Jane sat quietly, waiting until Vanessa had gone back to the ship. Then she opened her new journal and silently read what she’d written so far.
Dear Mom and Dad,
First of all, I’m not going to call you Mom and Eric anymore. Just Mom and Dad, if that’s okay with you. I miss you both so much! I wish like anything you were here.
Wait. No, I don’t. I wish WE were THERE . . .wherever you are. When I think about it, I like to imagine you on a plane, somewhere just out of sight. Like you’re almost here to pick us up and take us home.
I probably shouldn’t even think about that. It hurts when I do. But I also can’t help it. I know you’re out there—SOMEWHERE. And I know you’re looking for us.
You’d probably want to know that we’re taking care of each other.Vanessa’s a really good older sister. I’m glad she’s here with me. Buzz and Carter, too. I wish you could know that, because I’m sure you’re worrying about us. You’re probably even wondering if we’re still alive.
Well, we are.
And we all love you.
And we MISS YOU. Huge, like the ocean.
xoxoxoxo, Jane (and Vanessa and Carter and Buzz)
P.S. If anyone finds this note, PLEASE send it to Elizabeth Benson and Eric Diaz at the address on the bottom of this page. It’s more important than you can ever know. Thank you!
Jane carefully tore the page out of her journal. With another quick look back, she made sure she was still alone. Then she reached down between the rocks and pulled up the old bottle she’d found in a corner of the ship’s galley.
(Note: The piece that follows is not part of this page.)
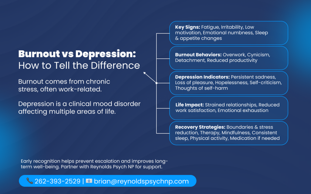 If you are unsure whether you are experiencing burnout or depression, a professional evaluation can provide clarity and direction. Reynolds Psych NP offers compassionate, evidence-based support tailored to your needs. Contact Reynolds Psych NP at (262) 999-7350 or email[email protected] to schedule a confidential consultation and take the first step toward lasting mental wellness.

It smelled terrible on the inside but still had a screw cap to keep the whole thing watertight.
Standing with her back to the ship, she quickly rolled the letter into a tight scroll, slid it into the bottle, and sealed the whole thing up again.
It was stupid to throw a bottled note into the ocean. It was babyish, and impossible to think that the note might actually reach someone out there. If Carter, Buzz, or Vanessa knew she was doing it, they’d probably laugh her right off the island.